# INSTRUCTIONS FOR THE TASK
Find the line with "リサイクルポリエステルスパン" in the records below. Output exactly from there until after the line with "このたびの受賞を記念し、20", without pictures.

# INPUT MATERIAL

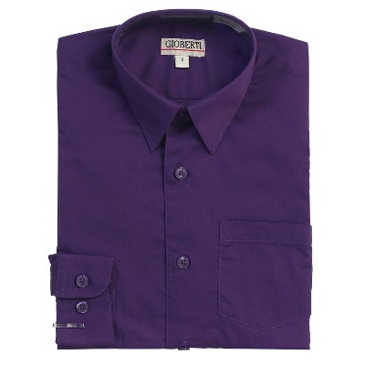 Gioberti Boy's Long Sleeve Dress Shirt and Plaid Tie Set, Purple B, Size 6
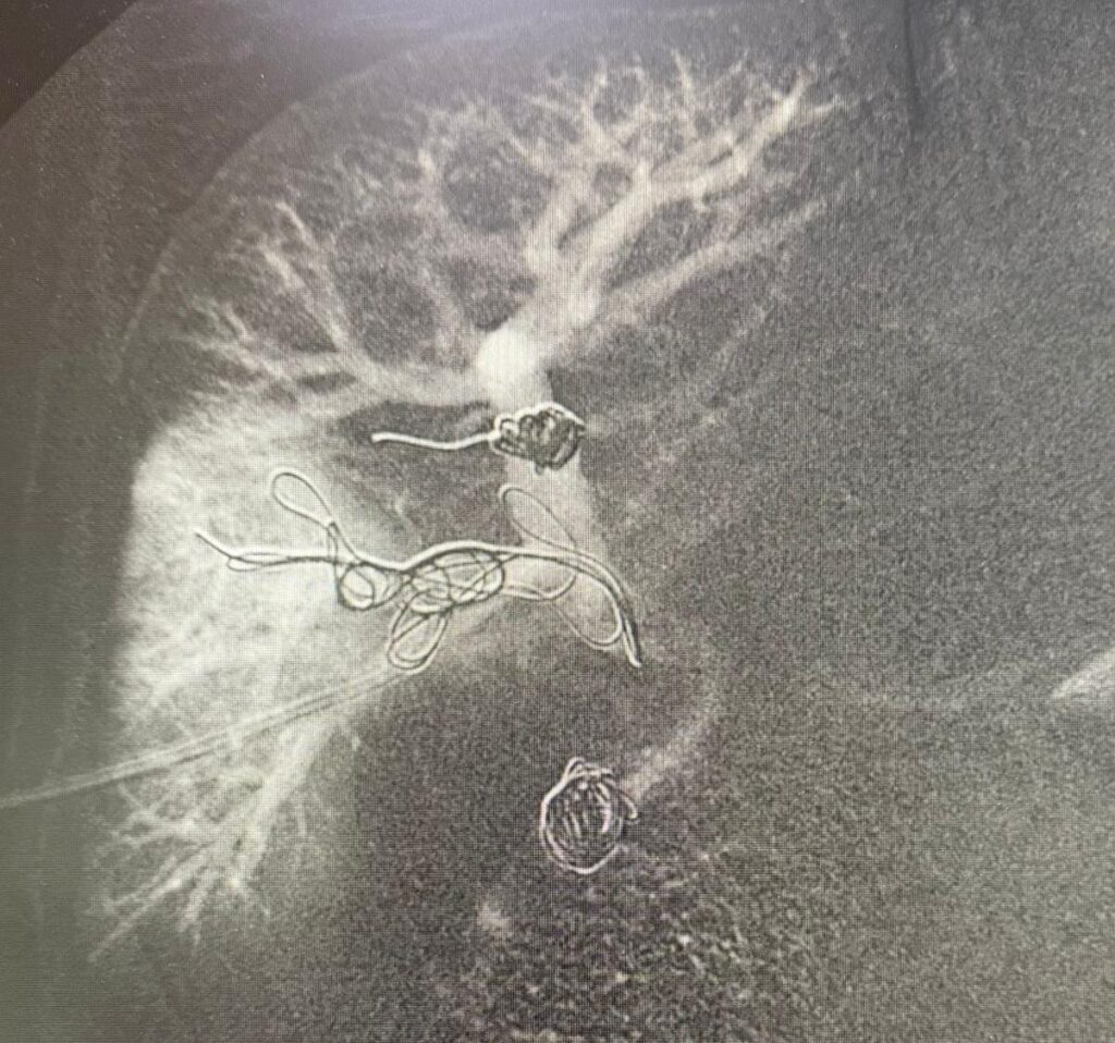 Como parte deste preparo, foi realizada a punção trans-hepática dos ramos portais direitos, seguida da embolização. Durante o procedimento, são introduzidos materiais específicos, como molas e partículas, nas veias do fígado, com o objetivo de interromper o fluxo sanguíneo na área afetada.
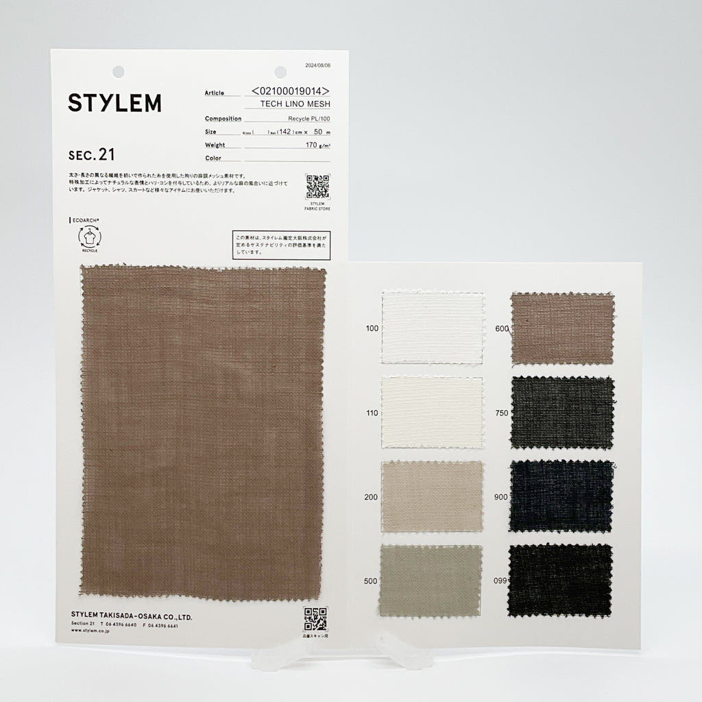 リサイクルポリエステルスパンでナチュラルなムラ感を追求しリネン調を表現した清涼感のあるメッシュ織物
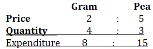 The ratio of the market prices of gram and pea is 2 : 5, and the ratio of the quantities consumed by a family is 4 : 3. Find the ratio of the expenditure on gram to pea.
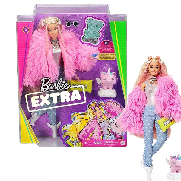 Barbie Extra Doll in Pink Fluffy Coat with Pet Unicorn Pig
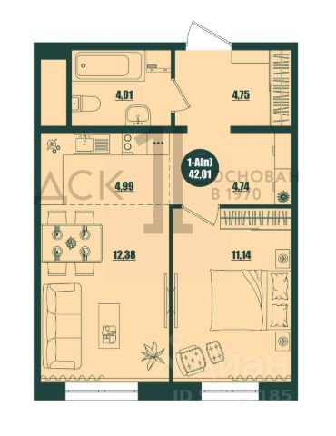 Продаётся 1-комнатная квартира в строящемся доме (Дом 4.2), срок сдачи: I-кв. 2026, общей площадью 42.01 кв.м., на 12 этаже. Новый жилой комплекс "Крылов" от застройщика "ДСК-1" расположен по адресу: г. Сургут, улица Крылова.
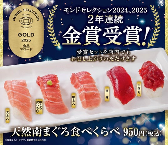 このたびの受賞を記念し、2025年6月3日(火)より全国の魚べい・元気寿司各店舗にて、「天然南まぐろ食べくらべ」を提供いたします。
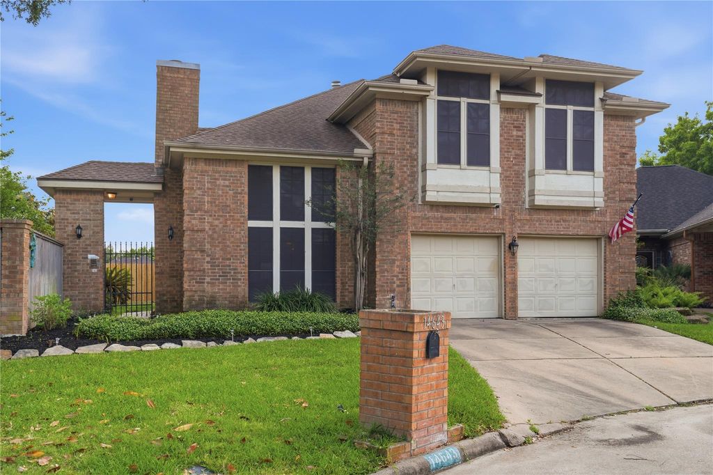 14643 S Hearthstone Green Dr is listed for sale at $ 340,000. The Single-Family property has 3 bedrooms, 2 Full Bathrooms, 1 Half Bathroom, 2758 square feet and was built in 1983. The lot size is 7600 Square feet. ##BR##A Unexpected HIDDEN GEM YOU HAVE TO EXPERIENCE .. True Hearthstone Living. Tucked on a quiet cul-de-sac , this Large 3-bed, 2.5-bath home reveals something truly unexpected. From the street, you’d never imagine what’s behind the privacy gate. Step through the wrought-iron entry and discover a secluded setting that feels worlds away—leading to grand double iron doors and soaring ceilings inside. Completely hidden, framed by a 8-ft fence and anchored by a majestic oak tree, it unfolds as a landscaper’s dream -multiple patio areas, garden zones, outdoor kitchen, or private retreat. Inside offers open living, an island kitchen with multiple dining areas, multiple living areas, and three fireplaces. The primary suite offers soaring ceilings with a double sided fireplace. The upstairs loft can be a game room or office along with three bedrooms. A rare opportunity to own something truly special. Priced to sell.. this gem wont last long.
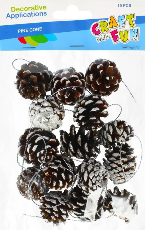 Zalety produktu: idealne do zdobienia kartek okolicznościowych, świetnie sprawdzą się również jako element dekoracyjny do pokoju dziecka czy dodatki do prezentów. Przy pomocy tego zestawu możesz zaprojektować własne ozdoby. Używaj tych produktów w połączeniu z innymi akcesoriami z serii CRAFT WITH FUN lub z innymi kompletami z serii. Zawartość opakowania: 15 szt. naturalnych szyszek o średnicy 3 cm. Wymiary/waga: wymiary opakowania dł. x wys. x gł. cm : 13x21x3 ,waga produktu w opakowaniu kg : 0,06 kg. Przeznaczone dla dzieci w wieku: 3 . Pakowane w woreczek z zawieszką . W inerze po 12 szt. Karton zbiorczy po 96 szt.
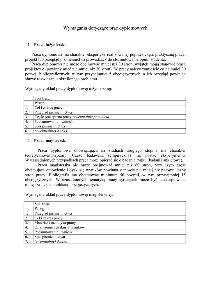 Wymagania dotyczące prac dyplomowych
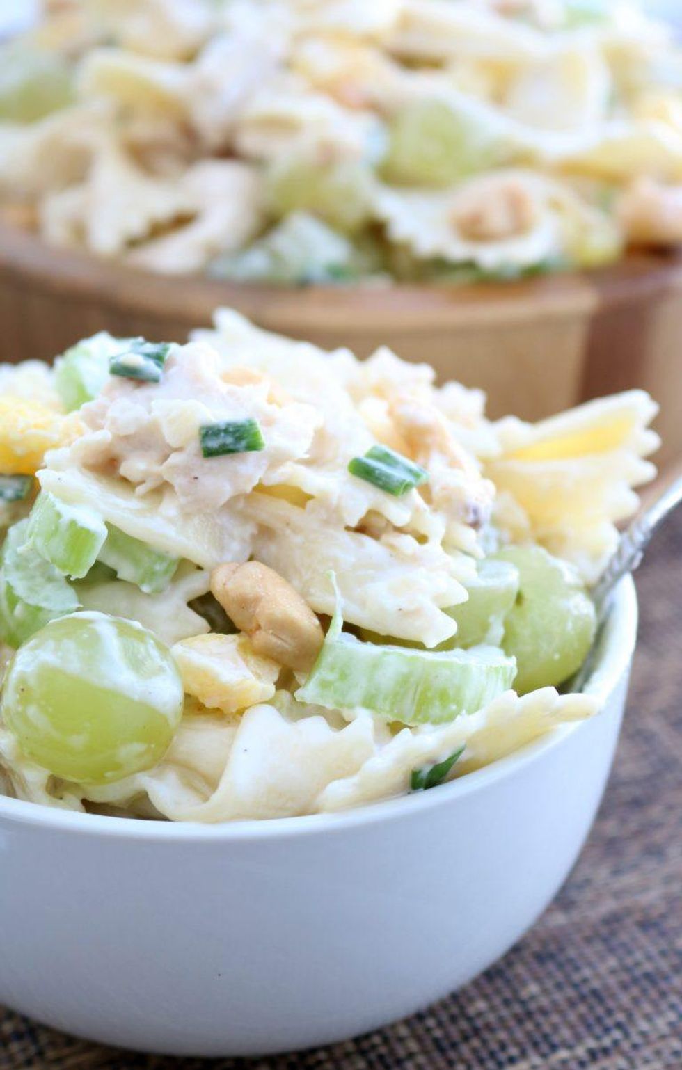 This cashew chicken pasta salad is the perfect combination of flavors. A combination of bow tie pasta, chicken, cashews and pineapple with a delicious creamy dressing. SO delicious and easy to make.

# WRITTEN ANSWER
 リサイクルポリエステルスパンでナチュラルなムラ感を追求しリネン調を表現した清涼感のあるメッシュ織物
 The ratio of the market prices of gram and pea is 2 : 5, and the ratio of the quantities consumed by a family is 4 : 3. Find the ratio of the expenditure on gram to pea.
 Barbie Extra Doll in Pink Fluffy Coat with Pet Unicorn Pig
 Продаётся 1-комнатная квартира в строящемся доме (Дом 4.2), срок сдачи: I-кв. 2026, общей площадью 42.01 кв.м., на 12 этаже. Новый жилой комплекс "Крылов" от застройщика "ДСК-1" расположен по адресу: г. Сургут, улица Крылова.
 このたびの受賞を記念し、2025年6月3日(火)より全国の魚べい・元気寿司各店舗にて、「天然南まぐろ食べくらべ」を提供いたします。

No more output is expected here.